Content starts

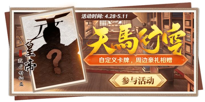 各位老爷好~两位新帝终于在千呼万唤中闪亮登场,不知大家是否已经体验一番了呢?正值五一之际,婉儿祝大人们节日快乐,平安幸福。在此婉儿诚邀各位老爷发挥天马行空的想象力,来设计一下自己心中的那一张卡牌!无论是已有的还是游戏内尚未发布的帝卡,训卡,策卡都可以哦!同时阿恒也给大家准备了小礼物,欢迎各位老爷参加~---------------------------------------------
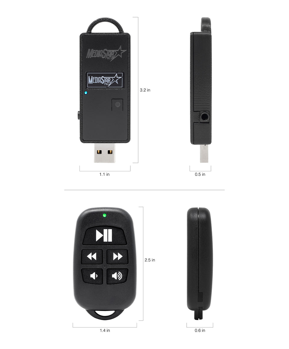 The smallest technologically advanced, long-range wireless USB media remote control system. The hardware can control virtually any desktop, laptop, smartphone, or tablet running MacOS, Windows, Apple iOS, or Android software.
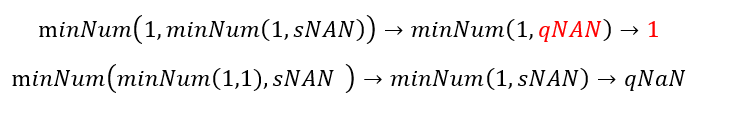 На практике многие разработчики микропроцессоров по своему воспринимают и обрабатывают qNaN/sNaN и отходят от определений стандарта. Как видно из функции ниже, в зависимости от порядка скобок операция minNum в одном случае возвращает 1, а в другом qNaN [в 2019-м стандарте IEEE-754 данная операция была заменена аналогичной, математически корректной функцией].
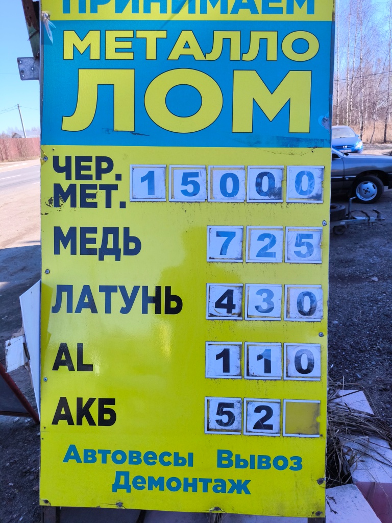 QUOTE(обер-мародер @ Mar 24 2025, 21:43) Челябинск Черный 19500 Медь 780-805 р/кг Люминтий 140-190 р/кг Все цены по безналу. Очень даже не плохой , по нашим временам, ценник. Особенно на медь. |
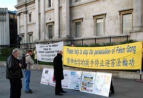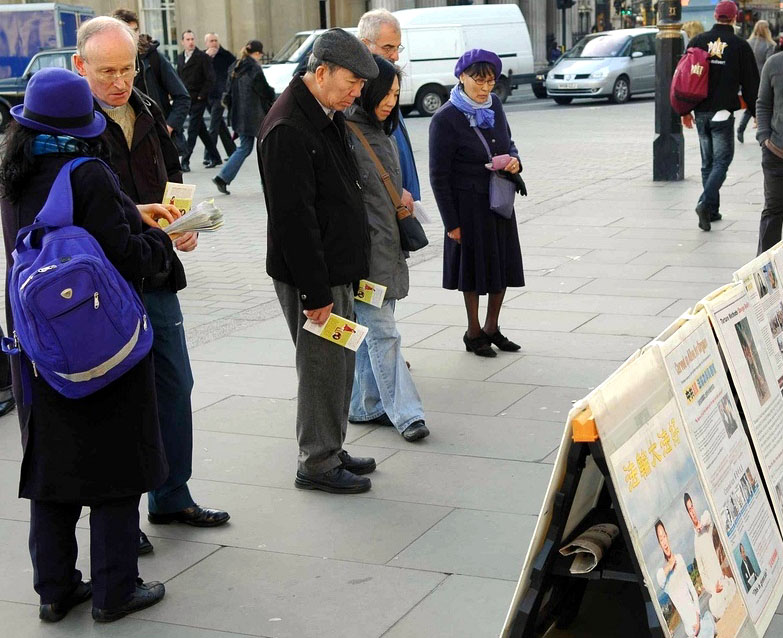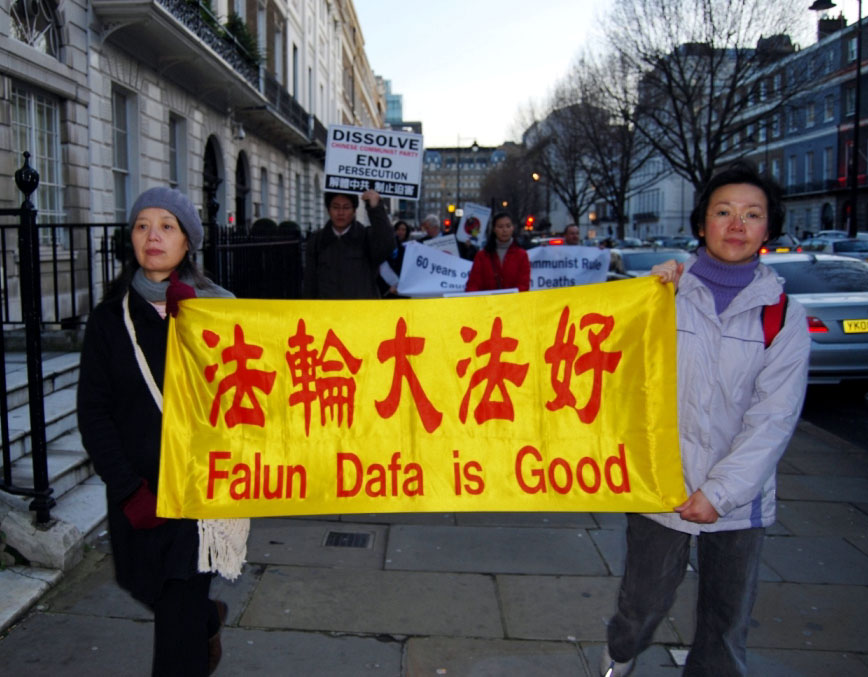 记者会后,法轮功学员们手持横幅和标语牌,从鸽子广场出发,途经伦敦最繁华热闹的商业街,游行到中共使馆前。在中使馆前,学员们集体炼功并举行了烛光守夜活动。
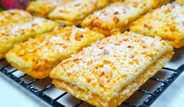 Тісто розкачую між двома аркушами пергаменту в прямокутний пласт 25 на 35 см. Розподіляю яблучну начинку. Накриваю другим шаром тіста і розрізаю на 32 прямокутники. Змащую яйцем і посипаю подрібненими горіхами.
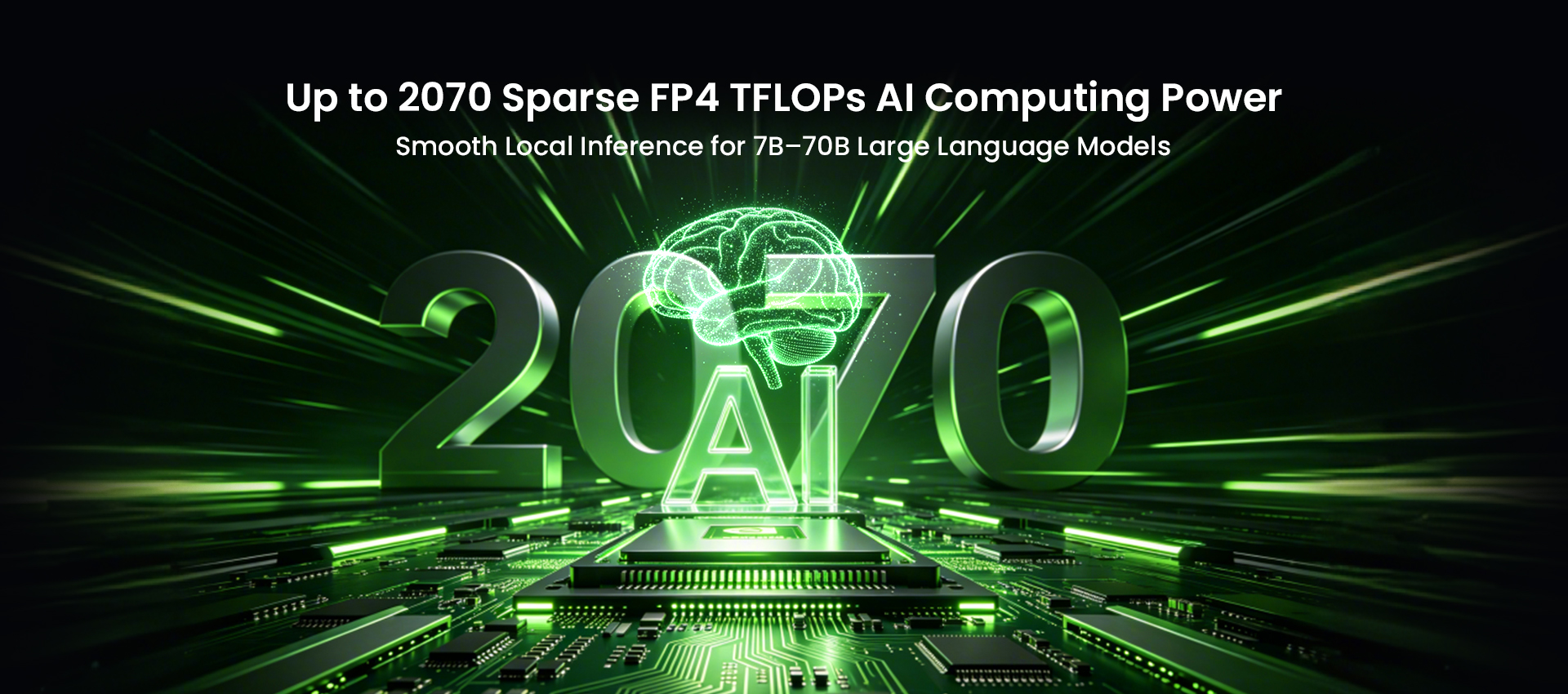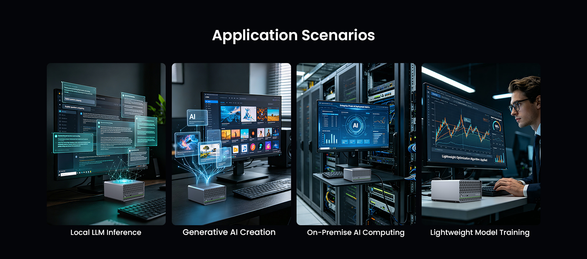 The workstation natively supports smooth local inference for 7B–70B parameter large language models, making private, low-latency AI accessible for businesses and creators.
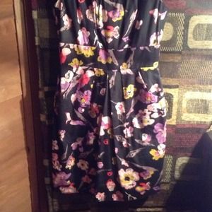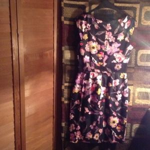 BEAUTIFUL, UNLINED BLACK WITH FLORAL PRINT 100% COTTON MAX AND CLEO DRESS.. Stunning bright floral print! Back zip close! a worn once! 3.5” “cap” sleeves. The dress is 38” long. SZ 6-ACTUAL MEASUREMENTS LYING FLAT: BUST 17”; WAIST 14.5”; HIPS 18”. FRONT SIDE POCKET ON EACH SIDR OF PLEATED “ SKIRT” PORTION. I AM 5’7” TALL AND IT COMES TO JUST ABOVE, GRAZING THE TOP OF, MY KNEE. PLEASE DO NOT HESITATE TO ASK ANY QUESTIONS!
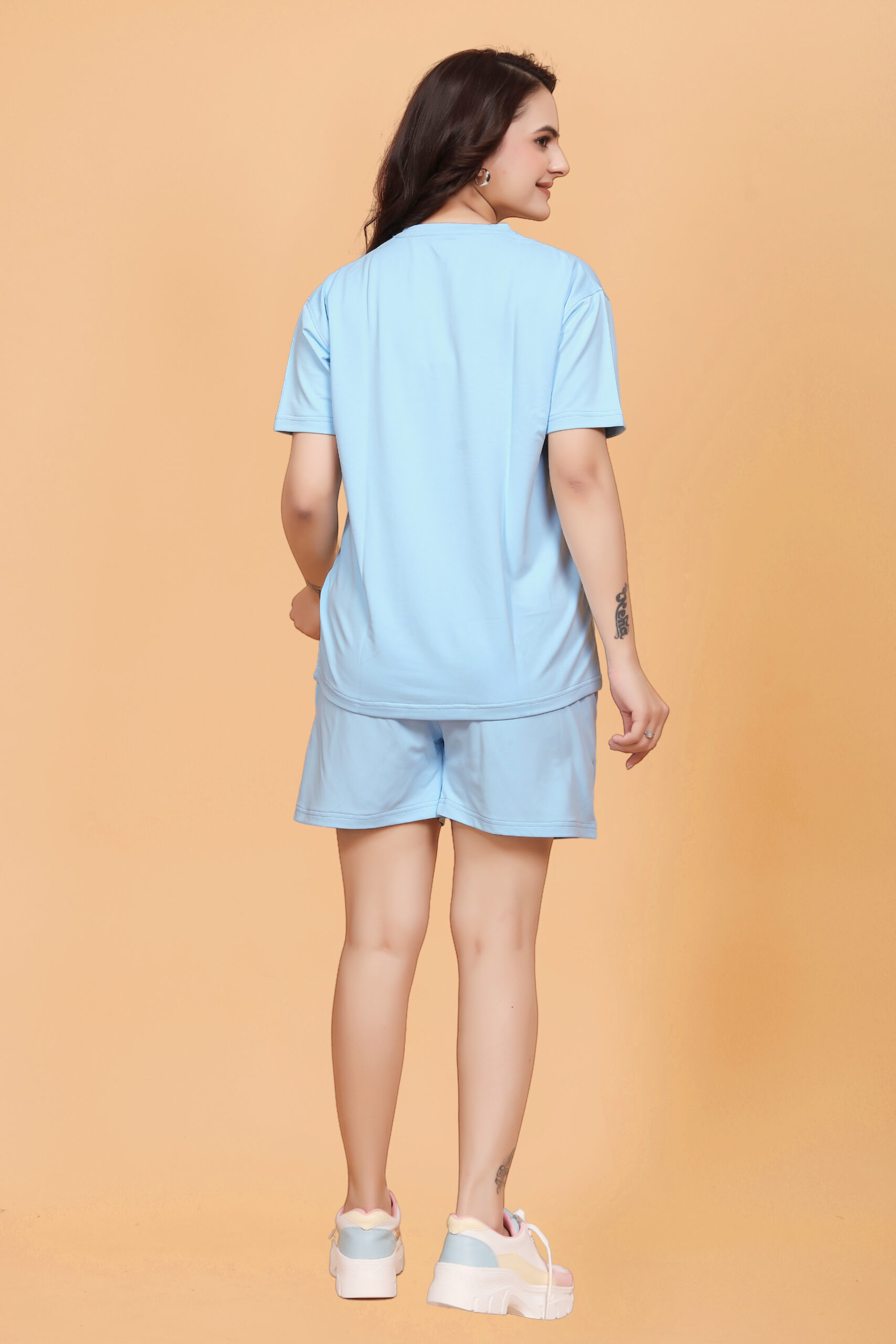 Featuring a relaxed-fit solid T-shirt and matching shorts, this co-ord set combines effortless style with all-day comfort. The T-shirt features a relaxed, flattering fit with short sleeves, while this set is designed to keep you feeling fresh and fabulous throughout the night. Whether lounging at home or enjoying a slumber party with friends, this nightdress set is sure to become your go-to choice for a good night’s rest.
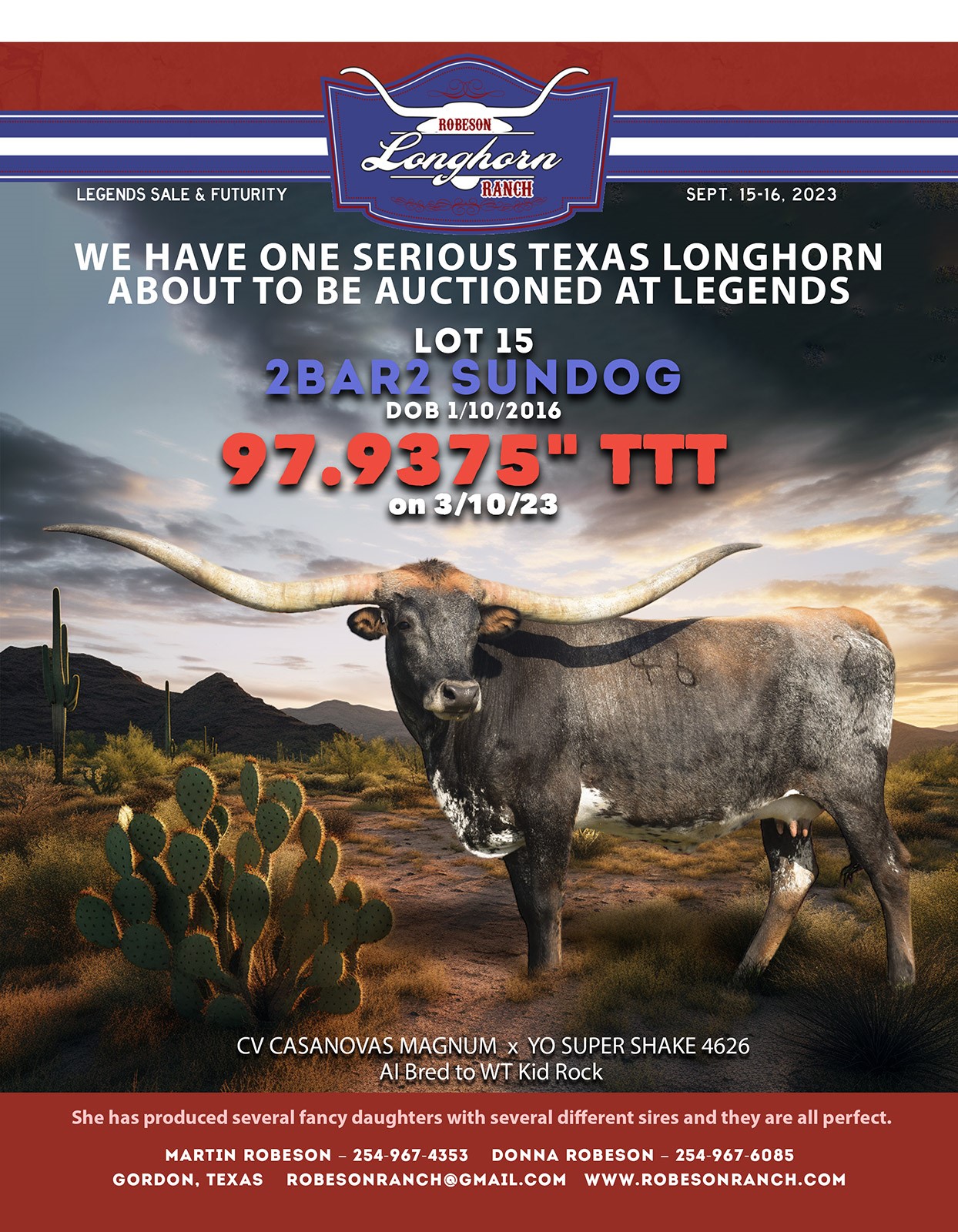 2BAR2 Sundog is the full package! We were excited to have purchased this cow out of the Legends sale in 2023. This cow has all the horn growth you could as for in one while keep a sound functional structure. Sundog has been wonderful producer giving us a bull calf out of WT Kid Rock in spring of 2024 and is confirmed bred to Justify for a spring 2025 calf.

Content ends

> _Task brief_: Both the line above containing "Тісто розкачую між" and the line containing "The workstation natively" belong in the copy, along with every line between them; print these exactly and omit the pictures.

> _Answer section_:
 Тісто розкачую між двома аркушами пергаменту в прямокутний пласт 25 на 35 см. Розподіляю яблучну начинку. Накриваю другим шаром тіста і розрізаю на 32 прямокутники. Змащую яйцем і посипаю подрібненими горіхами.
 The workstation natively supports smooth local inference for 7B–70B parameter large language models, making private, low-latency AI accessible for businesses and creators.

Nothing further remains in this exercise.